I went upstairs and found her in our bedroom, not her own. She was throwing a perfunctory tantrum at the head of the bed. I sat at the foot. I called her to me and she came reluctantly. I popped the right earbud into her ear as the title track, full of spitfire, played. She settled a bit. Then came “East Side Restaurant,” with its wistful, there it is again, mellowness. She relaxed into my chest. Then “Don’t Give Up on My Love.” It drives along, with lyrics way more serious than the moment the kid and I were sharing, but the balance between energy and desire to recline in the track was the perfect mix.

“Want to let me tuck you in now?” “Shoulders.” And up she went on my shoulders for a quick trip through the homestead, which is thematically related and curated if not perfectly logical and expected, before we arrive in her bedroom.

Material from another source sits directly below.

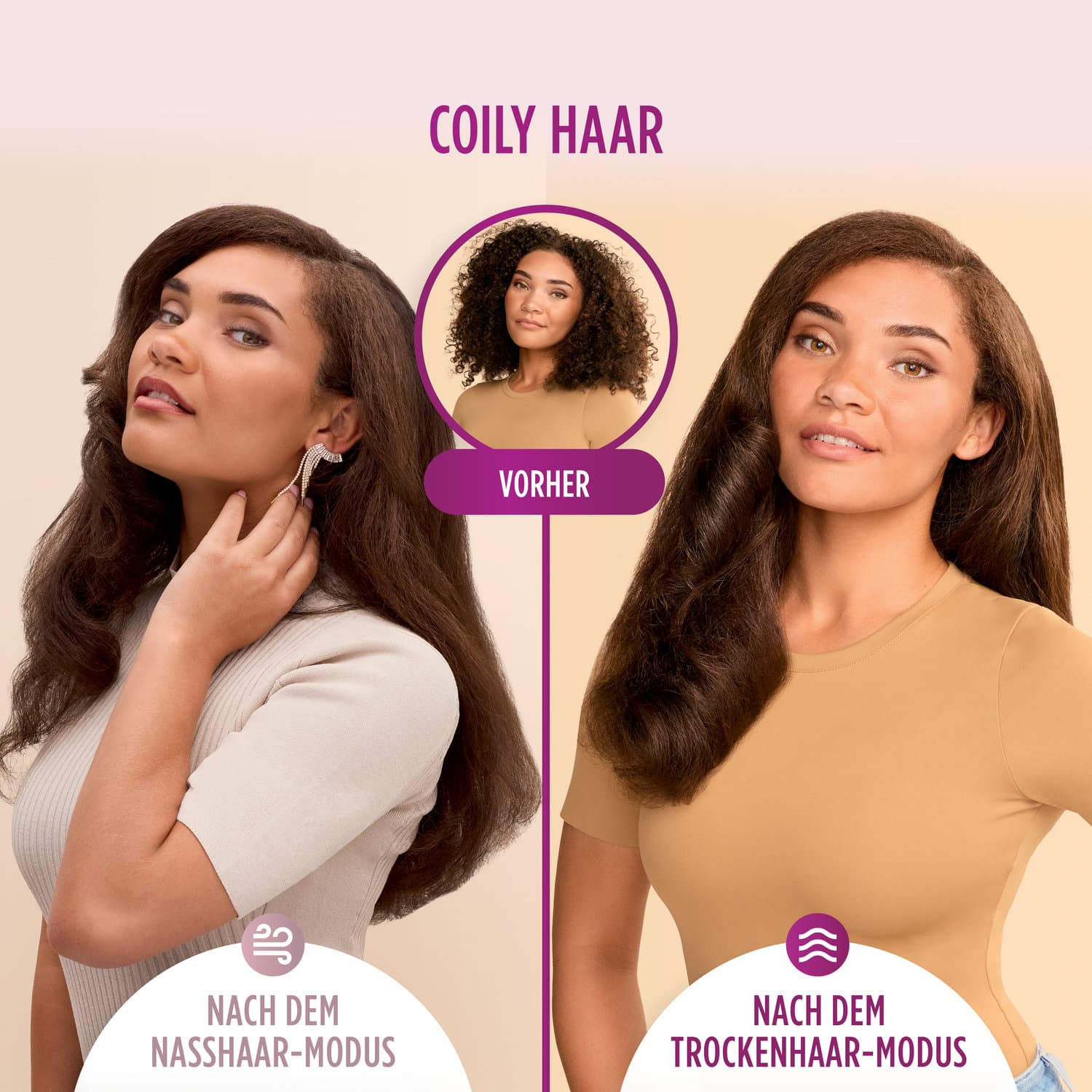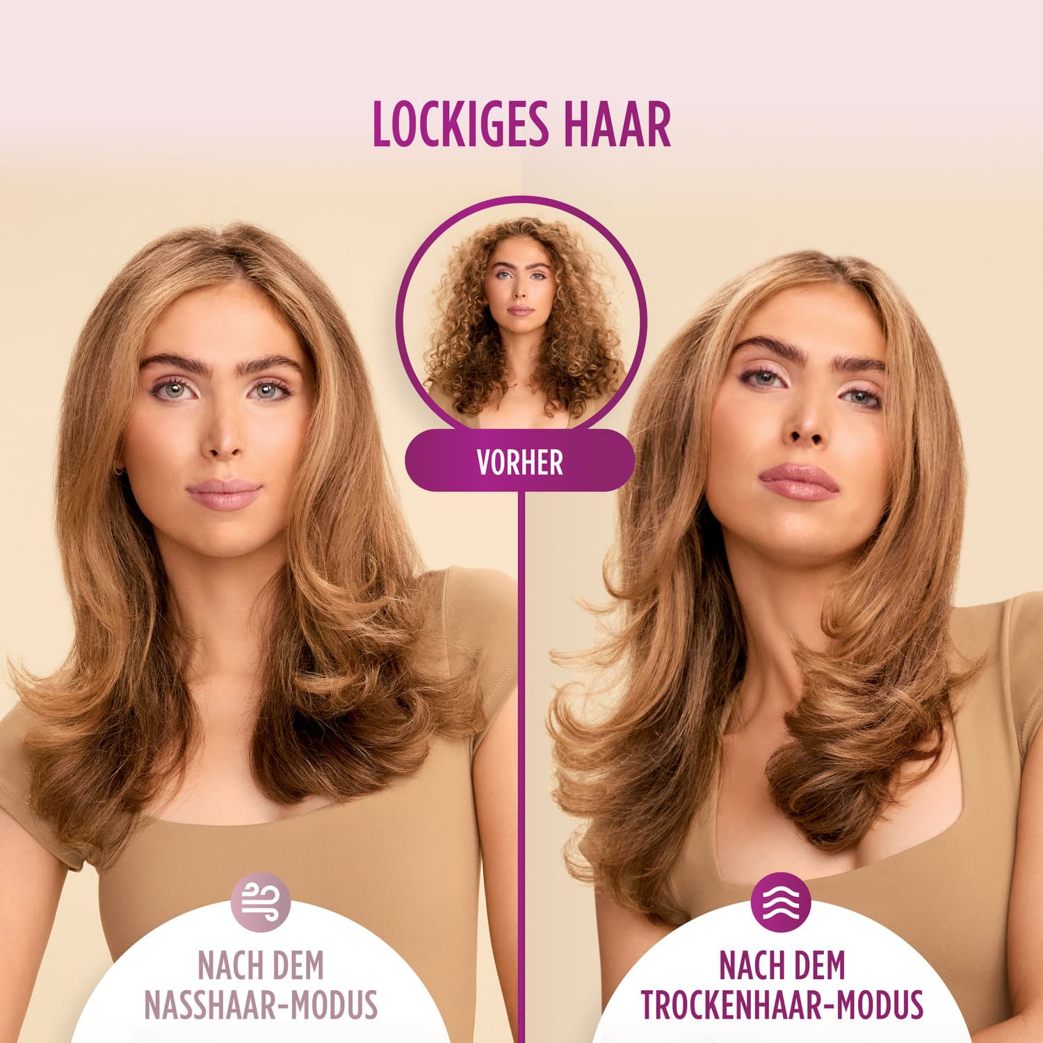 - Trockenhaar-Modus: Stylen und auffrischen in wenigen Minuten, mit weniger Frizz*

She crawled into her bed (she’s on the top bunk these days) and I followed, pulling out my remaining earbud as she began a freewheeling rendition of “Hush, Little Baby.” I scratched her back and she sang, then got quiet. Then rambled a little more. I continued scratching and her breaths got deep and regular. I slipped out, closing the door behind me. Mission accomplished.

Now, Where Were We?

I popped my earbuds back in and hit play, not needing to back up to some other point. I listened from where we’d stopped. I worked on this article, hit replay, kept typing, kept listening, brushing my teeth and washing my face, taking out my earbuds, hitting the hay.

Okay, maybe I typed that part, and this one too, first, but those other things definitely happened after I typed them. Throughout, I listened to “Starfire,” paying attention here and there, merely nodding in the background at other moments. As I hit replay a few times, and had listened to it more than a few times prior, I caught different things with each pass. A mood here, a lyric there. The voice and sensibilities always at the fore.

There is the album and there is the mixtape, but sometimes you want both. While you write and put a child to bed and brush your teeth and get ready to go to bed yourself, for example. Or maybe you want to brush your teeth and get ready for work and drive there. Let’s not limit ourselves here. With “Starfire,” Caitlyn Smith has us covered. It’s in the background, it’s in the foreground, it’s present. And it never leaves us in a lull, because it never gets in one, just as a good album shouldn’t.